### [GIVEN INFORMATION]

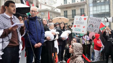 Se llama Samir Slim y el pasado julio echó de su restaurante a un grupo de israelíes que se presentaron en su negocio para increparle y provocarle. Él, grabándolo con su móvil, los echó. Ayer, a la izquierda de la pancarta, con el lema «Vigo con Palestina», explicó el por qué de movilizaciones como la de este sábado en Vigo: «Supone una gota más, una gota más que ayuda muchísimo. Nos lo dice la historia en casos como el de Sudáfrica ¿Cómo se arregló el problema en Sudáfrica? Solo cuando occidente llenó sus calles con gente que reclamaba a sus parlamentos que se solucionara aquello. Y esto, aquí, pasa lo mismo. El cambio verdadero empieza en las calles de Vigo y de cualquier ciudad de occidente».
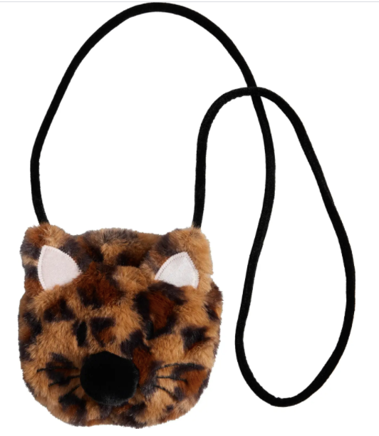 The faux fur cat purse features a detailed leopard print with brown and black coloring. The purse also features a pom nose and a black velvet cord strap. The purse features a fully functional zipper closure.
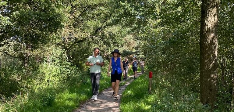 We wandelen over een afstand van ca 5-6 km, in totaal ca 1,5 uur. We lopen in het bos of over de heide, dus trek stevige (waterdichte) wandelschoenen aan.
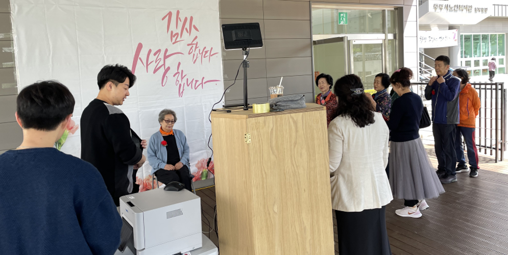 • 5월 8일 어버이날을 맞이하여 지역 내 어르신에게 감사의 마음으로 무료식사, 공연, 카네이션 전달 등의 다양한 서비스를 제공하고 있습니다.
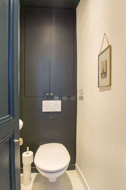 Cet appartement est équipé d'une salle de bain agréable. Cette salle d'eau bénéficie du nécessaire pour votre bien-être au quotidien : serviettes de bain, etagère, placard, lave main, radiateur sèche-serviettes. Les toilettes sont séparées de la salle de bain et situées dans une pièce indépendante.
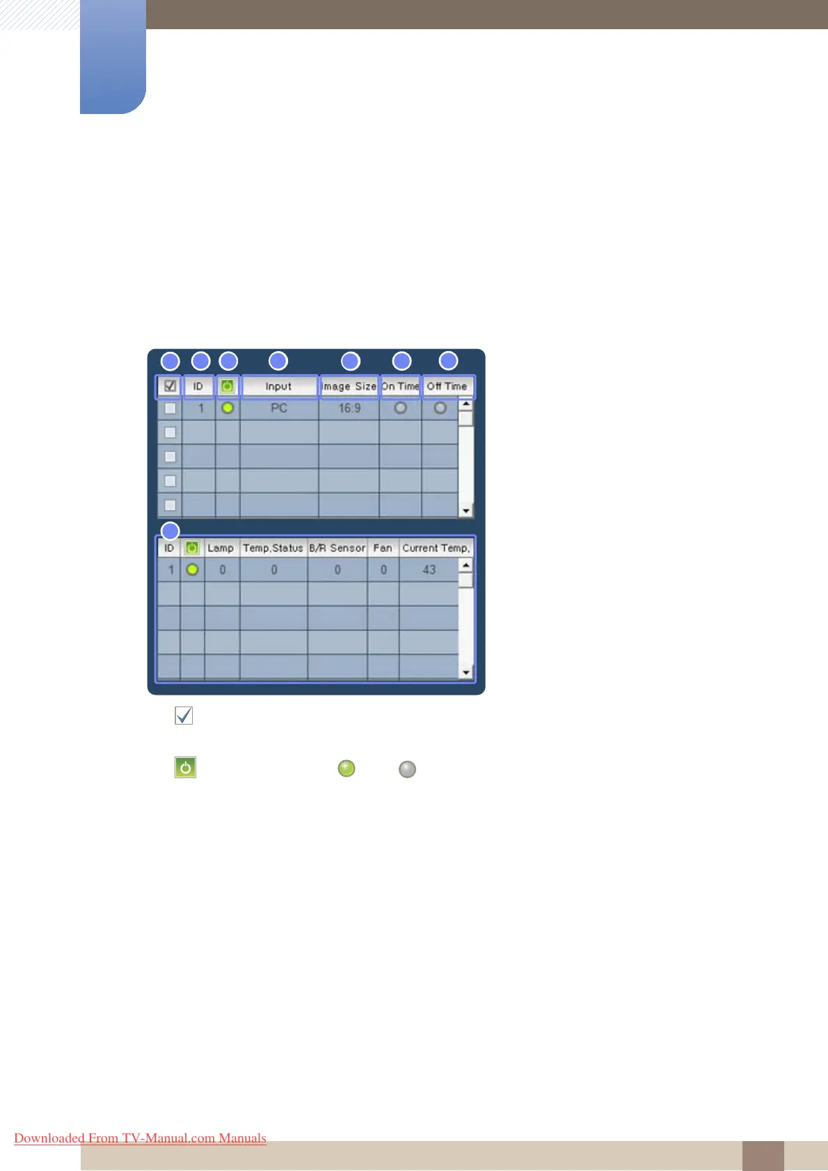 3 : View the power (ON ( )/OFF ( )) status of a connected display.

...

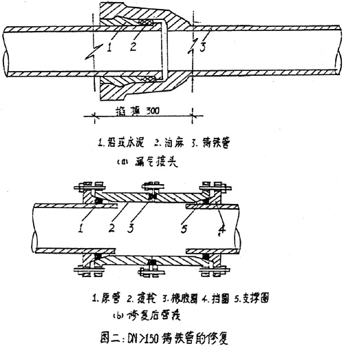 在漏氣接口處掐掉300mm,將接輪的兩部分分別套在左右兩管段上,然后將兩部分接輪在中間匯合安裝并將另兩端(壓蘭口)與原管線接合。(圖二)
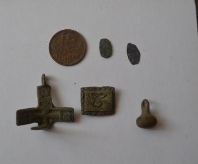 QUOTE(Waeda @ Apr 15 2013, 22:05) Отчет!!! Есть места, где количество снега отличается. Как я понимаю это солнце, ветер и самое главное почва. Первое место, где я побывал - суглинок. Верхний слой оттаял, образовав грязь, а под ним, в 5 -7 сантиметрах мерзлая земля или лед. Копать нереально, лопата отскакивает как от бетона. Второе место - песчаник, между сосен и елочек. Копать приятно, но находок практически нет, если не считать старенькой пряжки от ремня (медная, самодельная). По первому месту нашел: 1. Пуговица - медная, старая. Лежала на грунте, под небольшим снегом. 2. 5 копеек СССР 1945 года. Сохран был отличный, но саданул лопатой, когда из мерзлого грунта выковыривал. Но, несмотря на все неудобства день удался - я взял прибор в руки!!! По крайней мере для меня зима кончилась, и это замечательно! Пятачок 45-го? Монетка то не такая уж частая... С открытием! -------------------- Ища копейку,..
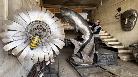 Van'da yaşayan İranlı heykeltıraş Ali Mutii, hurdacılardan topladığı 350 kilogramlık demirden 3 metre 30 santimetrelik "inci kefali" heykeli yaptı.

### [WHAT IS NEEDED]
All that is wanted is the lines above between the one containing "Se llama Samir" and the one containing "We wandelen over", inclusive, restated word for word, with pictures omitted.

### [ANSWER BOX]
 Se llama Samir Slim y el pasado julio echó de su restaurante a un grupo de israelíes que se presentaron en su negocio para increparle y provocarle. Él, grabándolo con su móvil, los echó. Ayer, a la izquierda de la pancarta, con el lema «Vigo con Palestina», explicó el por qué de movilizaciones como la de este sábado en Vigo: «Supone una gota más, una gota más que ayuda muchísimo. Nos lo dice la historia en casos como el de Sudáfrica ¿Cómo se arregló el problema en Sudáfrica? Solo cuando occidente llenó sus calles con gente que reclamaba a sus parlamentos que se solucionara aquello. Y esto, aquí, pasa lo mismo. El cambio verdadero empieza en las calles de Vigo y de cualquier ciudad de occidente».
 The faux fur cat purse features a detailed leopard print with brown and black coloring. The purse also features a pom nose and a black velvet cord strap. The purse features a fully functional zipper closure.
 We wandelen over een afstand van ca 5-6 km, in totaal ca 1,5 uur. We lopen in het bos of over de heide, dus trek stevige (waterdichte) wandelschoenen aan.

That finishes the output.